Apostle of the United States?

This Sunday, Jan. 27, at the Church of St. Paul the Apostle in Manhattan, New York’s Cardinal Edward Egan will formally open the cause of beatification for Isaac Hecker (1819-1888), founder of the Paulists, who are celebrating their 150th anniversary this year. It is an historic moment for the Catholic Church in this country, for Isaac Hecker was a quintessential American and convert to Catholicism who wanted to convert the whole United States.

After he died in 1888, Cardinal John Henry Newman wrote, “I was very sorrowful at hearing of Father Hecker’s death. I have ever felt that there was this sort of unity in our lives—that we had both begun a work of the same kind, he in America and I in England, and I know how zealous he was in promoting it.” Indeed, they both converted to Catholicism around the same time, Hecker in America in 1844 and Newman in England in 1845.

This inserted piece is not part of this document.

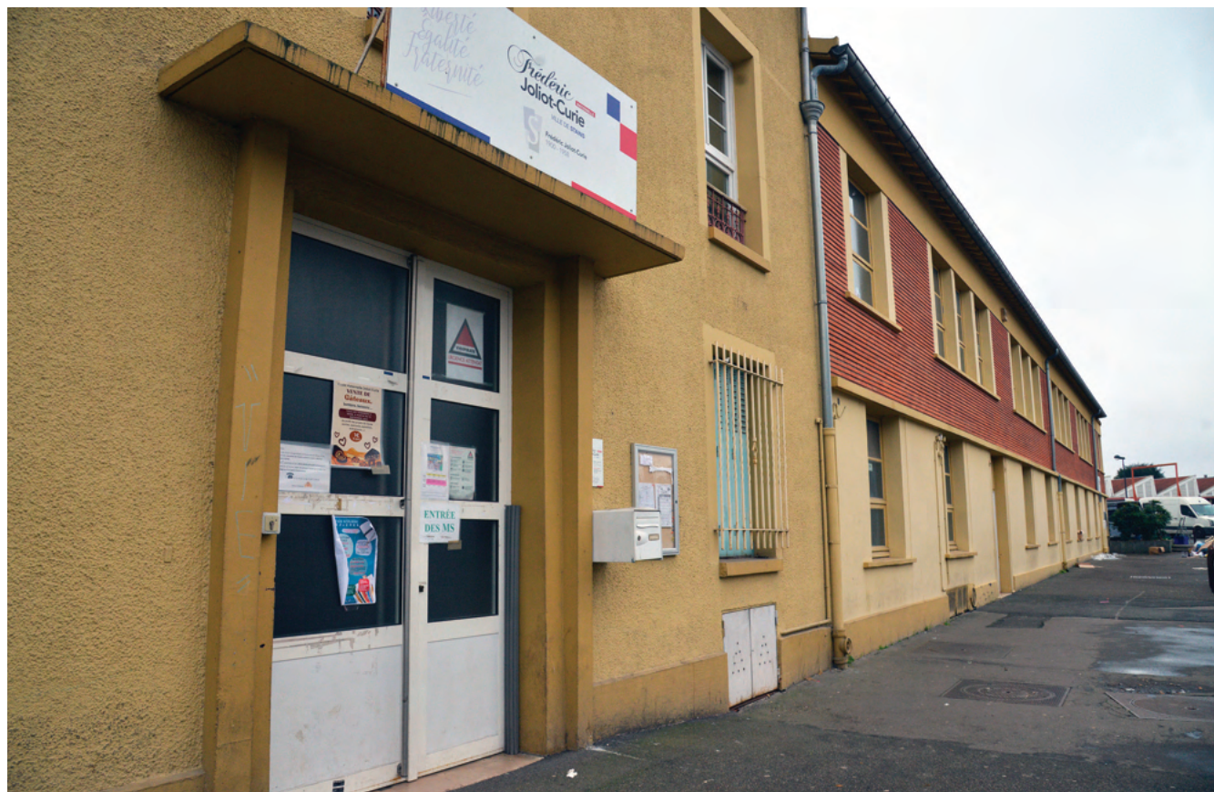
En 2025, il est prévu d'investir 3,6 millions d'euros sur le bâti scolaire. Les écoles Joliot-Curie et Guillaume-Apollinaire devraient en bénéficier.

It turns out that Father Hecker’s cause of beatification is opening right about the same time that Cardinal Newman’s is ending, since the Vatican’s prefect of the Congregation of the Causes of Saints recently announced that the Venerable John Henry Newman’s beatification is “imminent,” which presumably means that the needed miracle is in the process of being approved. (For beatification of a non-martyr, a miracle, usually an inexplicable medical cure of some sort, must be proven once the Church has approved a decree of heroic virtue for the person in question. The Church decreed Newman’s heroic virtue a number of years ago.)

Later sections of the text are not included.